* _WORK REQUEST_
Every entry that follows is to be set down exactly, with its pictures omitted.

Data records
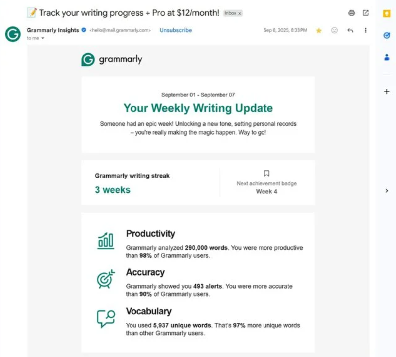 5️⃣ Show What They Would Lose: Instead of highlighting features, highlight usage. Grammarly does this in renewal emails by showing how many words were checked and errors corrected, making cancellation feel like losing accumulated value.
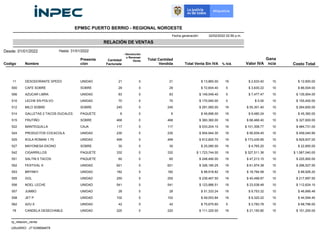 Este documento presenta una relación de ventas de productos entre el 1 y 31 de enero de 2022 para la región noroeste de Puerto Berrio. Incluye el código, nombre y presentación de cada producto, junto con la cantidad vendida, venta total sin IVA, ganancia e IVA para cada uno. Al final resume los totales de cantidad facturada, venta total, y ganancia para todo el periodo.
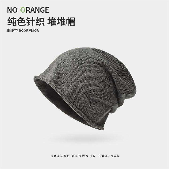 鞠婧祎同款针织大头围堆堆帽女秋冬月子帽灰色毛线帽子男冷帽美式
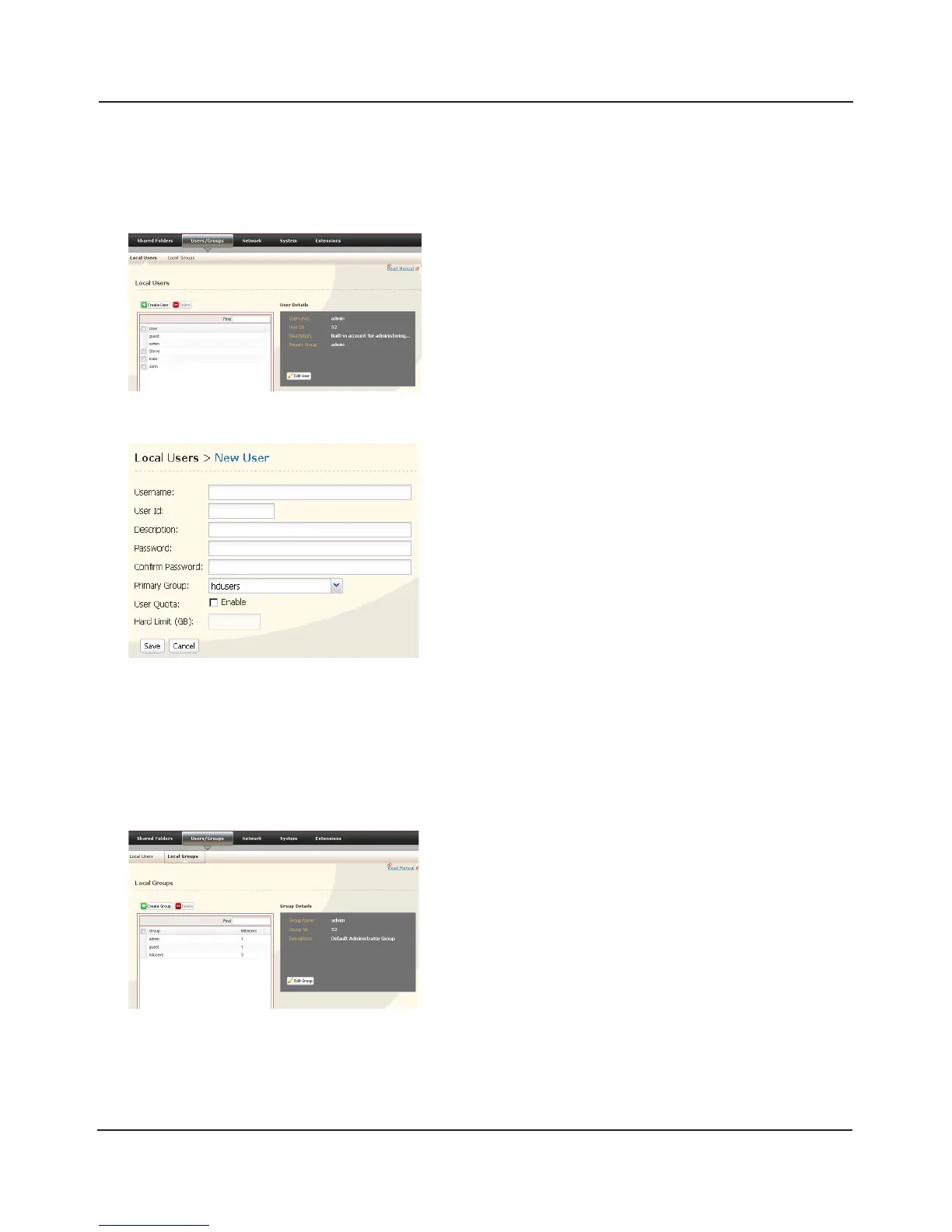 1 In the Web Admin interface, select [Users/Groups] -
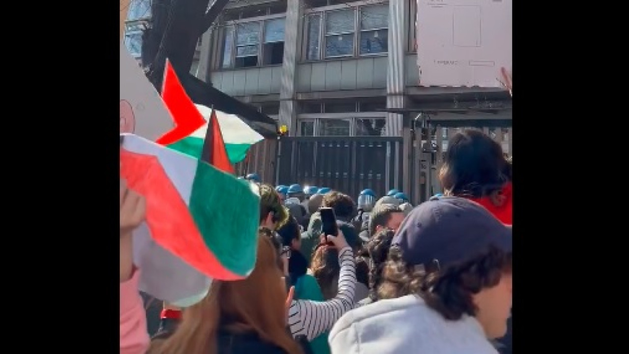 Scontri tra la Polizia e i manifestanti pro Palestina davanti alla sede Rai di Napoli#sanremo #ghali pic.twitter.com/ZGq0PuPVHW
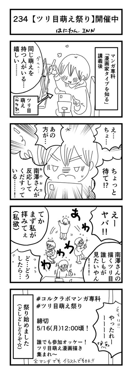 【ツリ目萌え祭り】開催中 ごめん…ワイの私欲が抑えきれんかった… 12日の講義で課題出るかもしれんし、 今のうちに描くのもアリです☆ どうぞお気軽に~!! #コルクラボマンガ専科 #6期 #漫画が読めるハッシュタグ #日記マンガ #ツリ目萌え祭り
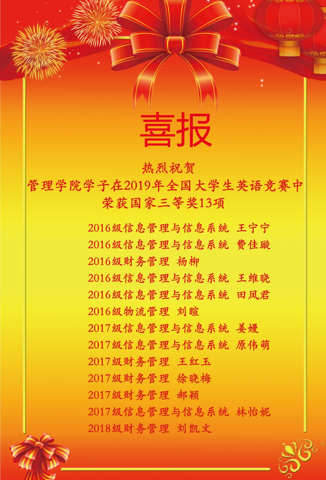 浏览量: 更新日期:2019-06-03日前,教育部2019年全国大学生英语竞赛决赛成绩揭晓,我院学生表现优异,获得全国特等奖1项,全国二等奖11项,全国三等奖13项的好成绩,获奖数量日照校区排名第一。其中,斗地主 2016级财务管理专业刘琳是全校唯一一个荣获C类(非英语专业)特等奖的学生。
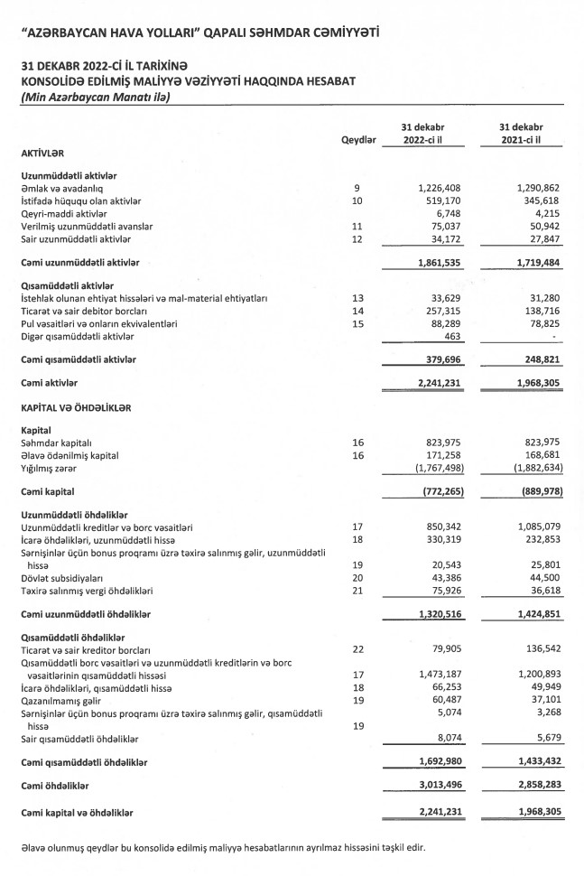 31 dekabr 2022-ci il tarixində AZAL 2 milyard 241 milyon 231 min manat cəmi aktivlərə malik olub. Aviaşirkət 2021-ci ilin sonunda 1 milyard 968 milyon 305 min manat cəmi aktivlərə malik idi.
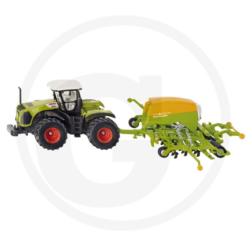 Description: Cette combinaison de spécialistes a depuis longtemps conquis une place dans l'agriculture à grande échelle : le Claas Xerion et le puissant semoir Amazone Cayenna 6001 complètent la combinaison agricole à l'échelle filigrane 1:87.

* _RESULT FOR THIS EXERCISE_
 5️⃣ Show What They Would Lose: Instead of highlighting features, highlight usage. Grammarly does this in renewal emails by showing how many words were checked and errors corrected, making cancellation feel like losing accumulated value.
 Este documento presenta una relación de ventas de productos entre el 1 y 31 de enero de 2022 para la región noroeste de Puerto Berrio. Incluye el código, nombre y presentación de cada producto, junto con la cantidad vendida, venta total sin IVA, ganancia e IVA para cada uno. Al final resume los totales de cantidad facturada, venta total, y ganancia para todo el periodo.
 鞠婧祎同款针织大头围堆堆帽女秋冬月子帽灰色毛线帽子男冷帽美式
 1 In the Web Admin interface, select [Users/Groups] -
 Scontri tra la Polizia e i manifestanti pro Palestina davanti alla sede Rai di Napoli#sanremo #ghali pic.twitter.com/ZGq0PuPVHW
 【ツリ目萌え祭り】開催中 ごめん…ワイの私欲が抑えきれんかった… 12日の講義で課題出るかもしれんし、 今のうちに描くのもアリです☆ どうぞお気軽に~!! #コルクラボマンガ専科 #6期 #漫画が読めるハッシュタグ #日記マンガ #ツリ目萌え祭り
 浏览量: 更新日期:2019-06-03日前,教育部2019年全国大学生英语竞赛决赛成绩揭晓,我院学生表现优异,获得全国特等奖1项,全国二等奖11项,全国三等奖13项的好成绩,获奖数量日照校区排名第一。其中,斗地主 2016级财务管理专业刘琳是全校唯一一个荣获C类(非英语专业)特等奖的学生。
 31 dekabr 2022-ci il tarixində AZAL 2 milyard 241 milyon 231 min manat cəmi aktivlərə malik olub. Aviaşirkət 2021-ci ilin sonunda 1 milyard 968 milyon 305 min manat cəmi aktivlərə malik idi.
 Description: Cette combinaison de spécialistes a depuis longtemps conquis une place dans l'agriculture à grande échelle : le Claas Xerion et le puissant semoir Amazone Cayenna 6001 complètent la combinaison agricole à l'échelle filigrane 1:87.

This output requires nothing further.